Let's have spatio-temporal dataset ($Y \in \mathbb{R}^{L \times T}$). Where $L$ stands for spatial grid points and $T$ for time. Now let's say that the noise of the system follows a multivatiate gaussian distribution. $y^\ell_t = \epsilon^\ell_t$, where $\epsilon^\ell_t \sim \mathcal{N}(0, \Sigma)$. Standing $\Sigma$ for a the covariance matrix $L \times L$.
Now, we have three different blocs (close spatial points) where the spatial points of each bloc covary together, but independently of the others bloc. Then, our $\Sigma$ is a diagonal block matrix. For example
import numpy as np
import matplotlib.pyplot as plt
from sklearn.decomposition import PCA
Sigma = np.zeros((8*30,30*8))
Sigma[:40, :40] = 0.3 # First bloc
Sigma[88:136, 88:136] = 0.3 # Second block
Sigma[200:, 200:] = 0.3
np.fill_diagonal(Sigma,1)
plt.imshow(Sigma)
Now we create a random data from that $\Sigma$ covariance matrix. And perform pca on top of it. I would expect the first three components to stand for each region where noise covary.

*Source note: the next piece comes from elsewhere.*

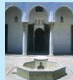
The Kasbah's Museum of Archaeology

It was also in Tangier, in the Mendoubia Park, that King Mohammed V delivered his 1947 speech declaring Moroccan Independence. Tangier was to keep its special status until 1960. Today, the city still has its cosmopolitan side, with a wide variety of outside influences contributing to its cultural diversity and unique personality.

For the shake of interpretability, we will assume that our spatio-temporal model lives in a $8 \times 30$ space, that is $L = 240$. In this spatio temporal model there are three blocs of covariant points corresponding to the contiguous grid-points 0:44, 88:136 and 200:240. According to $\Sigma$. Then,
Y = np.random.multivariate_normal(np.zeros(8*30), Sigma, size=50000)
pca = PCA(n_components=3)
pca.fit(Y)
for i in range(3):
# Reshaping the components to a spatial representation allows us to plot
# the components as the contribution of each grid point to each component.
# The spatial dimensions are 30 x 8.
plt.imshow(pca.components_[i, :].reshape((30,8)))
plt.colorbar()
plt.show()
plt.close()
The fact is, that I see that they are correlated. And I'm not really sure why, given that I would expect that the principal components of PCA to be orthogonal between them. I also plot the correlation matrix of the first three components.
components = pca.components_
corr_2 = np.corrcoef(components)
plt.imshow(corr_2)
plt.colorbar()
Shouldn't the elements outside of the diagonal of that matrix be 0?
I've also try Varimax rotation, where the three components are now independent.
I guess I am missing some fundamental understanding of what means that the components are orthogonal. Could someone bring light on why the correlation matrix of the 3 comnponents has non-zeros outside of the diagonal?